The moral filter of patriotic prejudice
About one in six Asian Americans have fallen victim to anti-Asian racism during the COVID-19 pandemic [J. Lee, K. Ramakrishnan, aapidata.com/blog/discriminationsurvey-2022/]. By examining anti-Asian racism in the United States primarily as a domestic issue, most prior studies have overlooked the connections between shifting US-China relations and Americans’ prejudices against the Chinese in China and, by extension, East Asian Americans. This study investigates the patterns and perceptual bases of nationality-based prejudices against Chinese amid the COVID-19 pandemic in the United States.
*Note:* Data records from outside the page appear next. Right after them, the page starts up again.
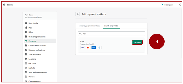 4. Once the Merchant has searched for iVeri as their payment provider, clicking on the ‘Activate’ tab.
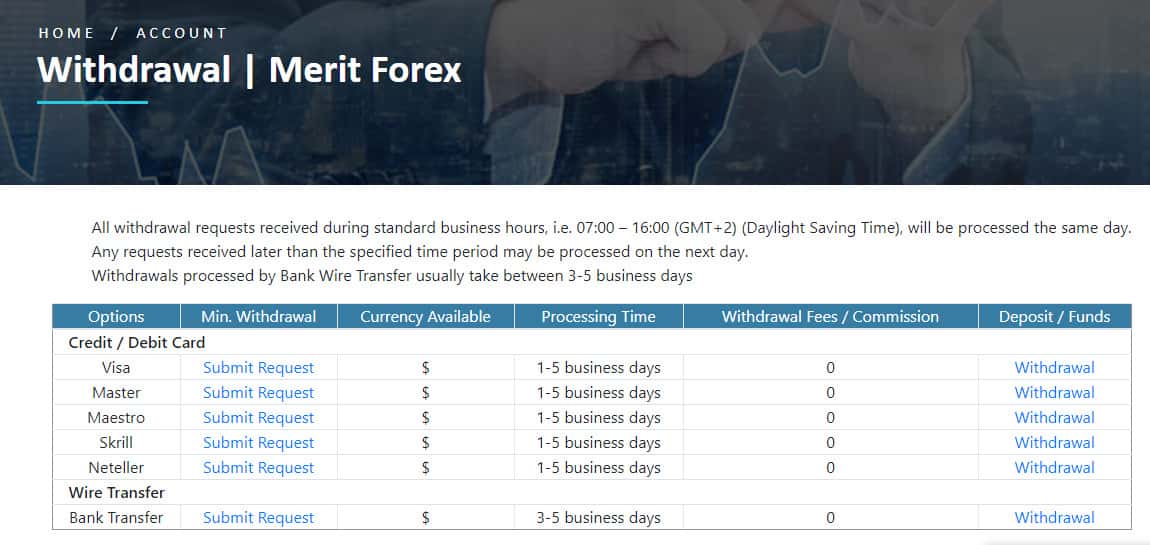 В шарлатанской организации MeritForex также обозначили таблицей с разными условиями вывод средств, только не предупредили, что аферисты не выплачивают вообще. Жулье использует все это, чтобы запарить мозги клиентам. Так что не стоит рисковать и вкладывать туда свои кровно заработанные.
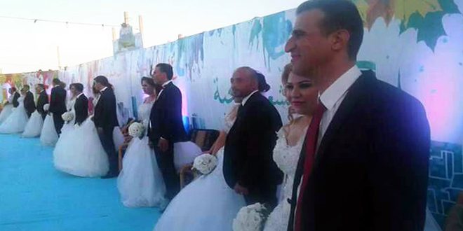 فبعد نجاحها العام الماضي عادت المبادرة لتحتفل هذا العام بإتمام فرح وزواج عشرين شابا وشابة من مختلف مناطق المحافظة ثلاثة منهم من أبطال الجيش العربي السوري وقوى الأمن الداخلي ضمن عرس جماعى أقيم مساء السبت الماضي في مدرسة الأمل لتعليم القيادة في صلخد جرى تأمين تكاليفه بدعم من المجتمع الأهلي والمغتربين والفعاليات الاقتصادية في المحافظة.
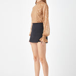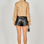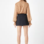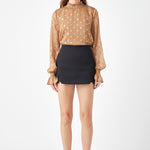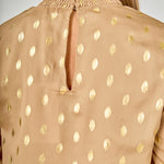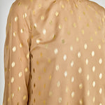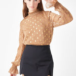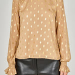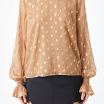 This elegant chiffon blouse features a metallic polka dot print. With feminine touches like ruffled sleeve hems and a back keyhole detail, it's the perfect blouse to dress up any look with ease. Tuck this blouse into your favorite jeans, high-waisted pants, or skirt, and you'll instantly create a chic, sophisticated look.
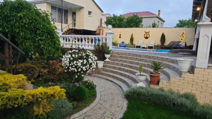 Для размещение гостям предлагают комфортный дом для 2-х семей. Во дворе бассейн в форме скрипки 8х4 м, бильярд, качели беседки, зона барбекю.

Our nationally representative online survey experiment reveals that Americans assess a hypothetical Chinese person in China as inferior in multiple social and psychological characteristics to an otherwise identical Japanese person in Japan or East Asian American. Furthermore, subjects who perceive China as more threatening to America’s national interests assess Chinese more negatively, especially in terms of trustworthiness and morality, suggesting that perceived China threats propel Americans’ negative stereotypes about Chinese. A contextual analysis further indicates that counties with a higher share of Trump voters in 2016 tend to perceive all East Asian–origin groups similarly as a racial outgroup. By contrast, residents in predominantly Democrat-voting counties tend to perceive Chinese in China more negatively relative to Asian Americans, despite broadly viewing East Asians more favorably. Overall, this study underscores the often-overlooked relationships between the prevailing anti-Asian sentiments in the United States and the US-China geopolitical tensions and America’s domestic political polarization.